==== DATA SECTION ====
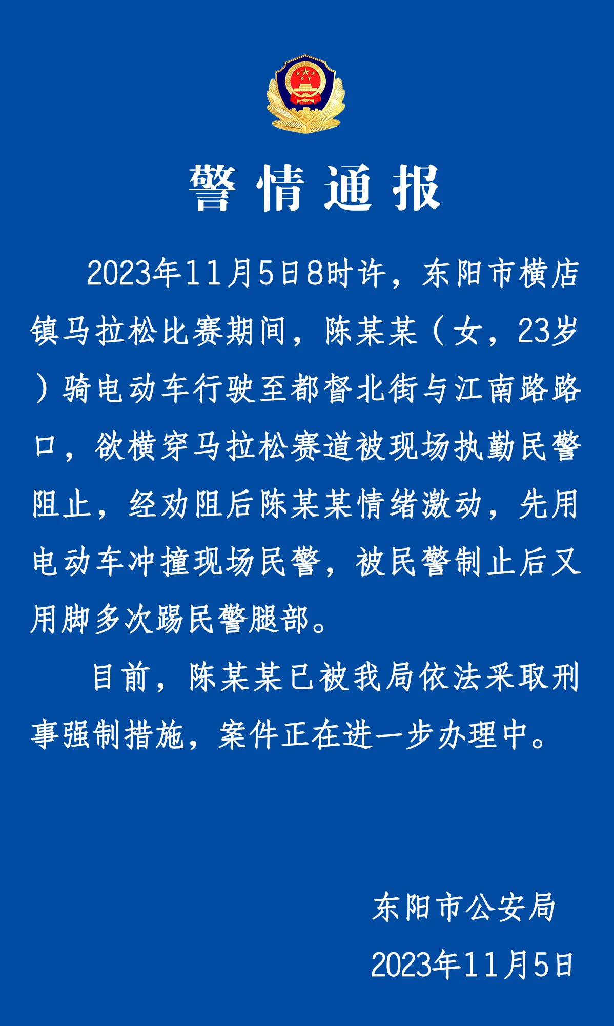 中新網(wǎng)金華11月6日電(董易鑫)浙江金華東陽市公安局11月5日發(fā)布警情通報(bào)稱,2023年11月5日8時(shí)許,東陽市橫店鎮(zhèn)馬拉松比賽期間,陳某某(女,23歲)騎電動(dòng)車行駛至都督北街與江南路路口,欲橫穿馬拉松賽道被現(xiàn)場(chǎng)執(zhí)勤民警阻止,經(jīng)勸阻后陳某某情緒激動(dòng),先用電動(dòng)車沖撞現(xiàn)場(chǎng)民警,被民警制止后又用腳多次踢民警腿部。
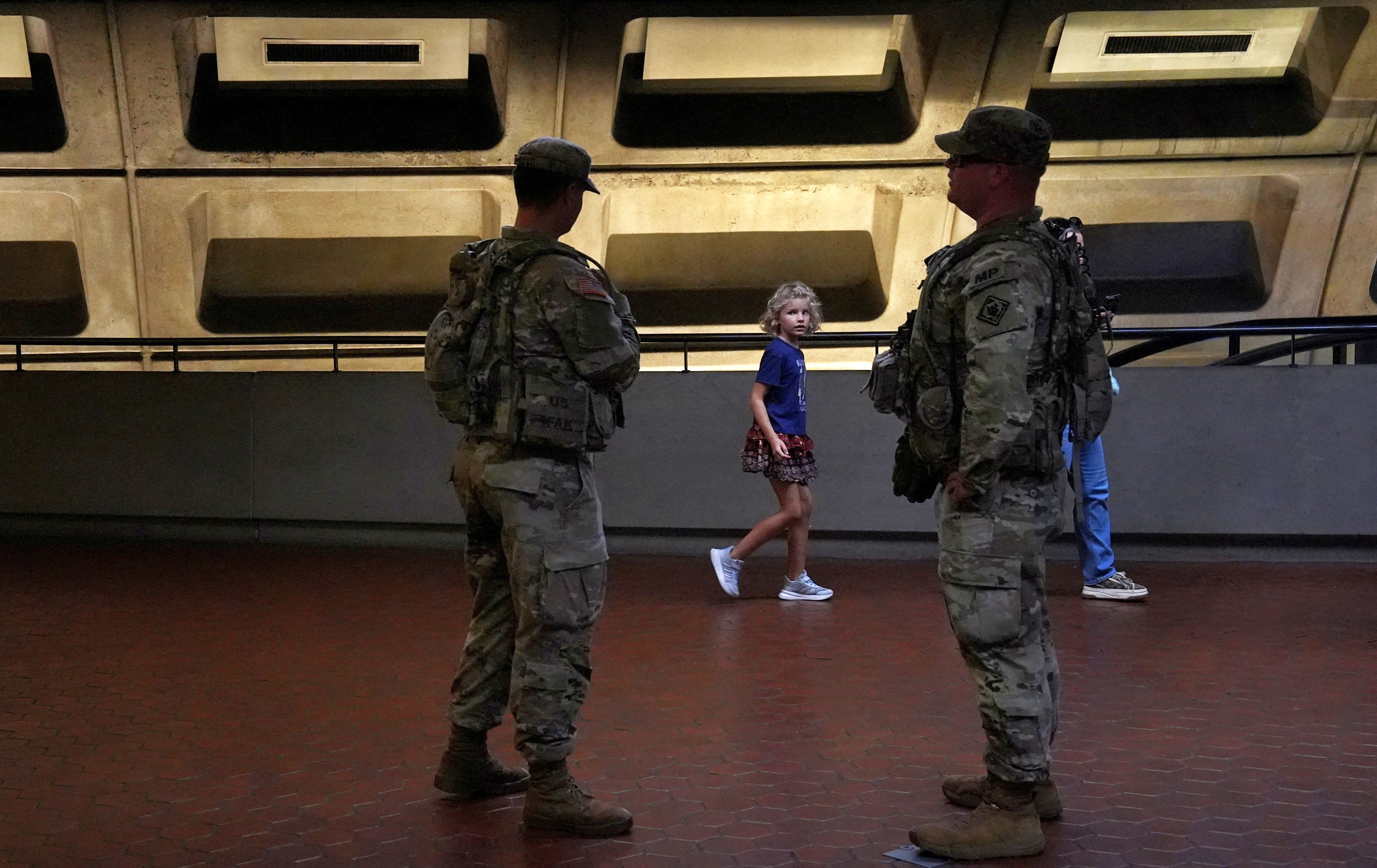 A child walks past two members of the National Guard from Mississippi posted in the Metro weeks after U.S. President Donald Trump deployed the National Guard and ordered an increased presence of federal law enforcement, in Washington, D.C., U.S., September 5, 2025. (Photo by Leah Millis/Reuters)
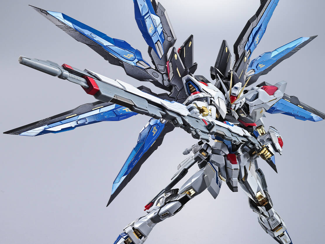 METAL BUILDストライクフリーダムガンダムが再登場!高い評価を受け続けているデザインアレンジに加え、塗装による完成品ならではの質感、電解メッキでの金色の関節が、圧倒的な存在感を演出する。
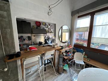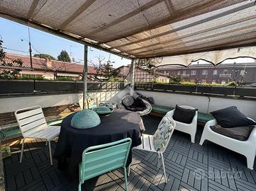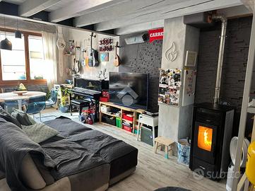 MOMPIANO in posizione comoda ai servizi ed all'interno di un contesto tranquillo, si propone in vendita appartamento con esclusiva terrazza privata. Sito al primo ed ultimo piano l'immobile è caratterizzato dall'ingresso privato direttamente nella terrazza di pertinenza, avente una superficie di circa 60 mq. L'appartamento caratterizzato dalla buona metratura dei suoi locali interni si sviluppa su due livelli, al piano inferiore dall'ingresso si accede direttamente all'ampia zona giorno con angolo cottura parzialmente separato dal soggiorno, completano il piano un disbrigo con attacchi lavatrice ed il bagno con antibagno; tramite una scala interna si accede al piano superiore soppalcato dove si trova la camera da letto matrimoniale con accesso al secondo bagno dell'abitazione oltre ad un comodo ripostiglio. Le travi a vista valorizzano l'esclusivo appartamento. Attualmente una pratica stufa a pellet riscalda l'appartamento, è presente la predisposizione per un classico riscaldamento a radiatori oltre ad uno split di aria condizionata nella zona notte. Di pertinenza esclusiva un'autorimessa singola all'interno della corte.
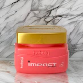 Máscara hobety impact morango 300g É a continuidade do tratamento de alto impacto, ideal para cabelos quimicamente tratados. Possui alto poder de hidratação e nutrição. Em alguns minutos devolve a emoliência, brilho e sedosidade aos cabelos, deixando uma irresistível fragrância. Modo de uso: aplicar o produto sobre os cabelos limpos e molhados, emulsionar uniformemente e enxaguar.
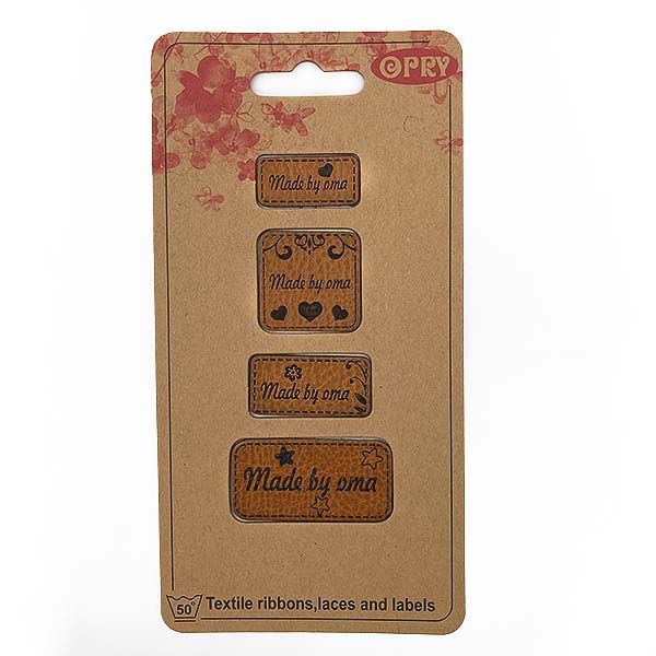 Label aus Kunstleder  mit eingraviertem Schriftzug
====
*PROBLEM DESCRIPTION:*
All of the data needs repeating exactly, but the pictures do not.

*TASK RESPONSE:*
 中新網(wǎng)金華11月6日電(董易鑫)浙江金華東陽市公安局11月5日發(fā)布警情通報(bào)稱,2023年11月5日8時(shí)許,東陽市橫店鎮(zhèn)馬拉松比賽期間,陳某某(女,23歲)騎電動(dòng)車行駛至都督北街與江南路路口,欲橫穿馬拉松賽道被現(xiàn)場(chǎng)執(zhí)勤民警阻止,經(jīng)勸阻后陳某某情緒激動(dòng),先用電動(dòng)車沖撞現(xiàn)場(chǎng)民警,被民警制止后又用腳多次踢民警腿部。
 A child walks past two members of the National Guard from Mississippi posted in the Metro weeks after U.S. President Donald Trump deployed the National Guard and ordered an increased presence of federal law enforcement, in Washington, D.C., U.S., September 5, 2025. (Photo by Leah Millis/Reuters)
 METAL BUILDストライクフリーダムガンダムが再登場!高い評価を受け続けているデザインアレンジに加え、塗装による完成品ならではの質感、電解メッキでの金色の関節が、圧倒的な存在感を演出する。
 MOMPIANO in posizione comoda ai servizi ed all'interno di un contesto tranquillo, si propone in vendita appartamento con esclusiva terrazza privata. Sito al primo ed ultimo piano l'immobile è caratterizzato dall'ingresso privato direttamente nella terrazza di pertinenza, avente una superficie di circa 60 mq. L'appartamento caratterizzato dalla buona metratura dei suoi locali interni si sviluppa su due livelli, al piano inferiore dall'ingresso si accede direttamente all'ampia zona giorno con angolo cottura parzialmente separato dal soggiorno, completano il piano un disbrigo con attacchi lavatrice ed il bagno con antibagno; tramite una scala interna si accede al piano superiore soppalcato dove si trova la camera da letto matrimoniale con accesso al secondo bagno dell'abitazione oltre ad un comodo ripostiglio. Le travi a vista valorizzano l'esclusivo appartamento. Attualmente una pratica stufa a pellet riscalda l'appartamento, è presente la predisposizione per un classico riscaldamento a radiatori oltre ad uno split di aria condizionata nella zona notte. Di pertinenza esclusiva un'autorimessa singola all'interno della corte.
 Máscara hobety impact morango 300g É a continuidade do tratamento de alto impacto, ideal para cabelos quimicamente tratados. Possui alto poder de hidratação e nutrição. Em alguns minutos devolve a emoliência, brilho e sedosidade aos cabelos, deixando uma irresistível fragrância. Modo de uso: aplicar o produto sobre os cabelos limpos e molhados, emulsionar uniformemente e enxaguar.
 Label aus Kunstleder  mit eingraviertem Schriftzug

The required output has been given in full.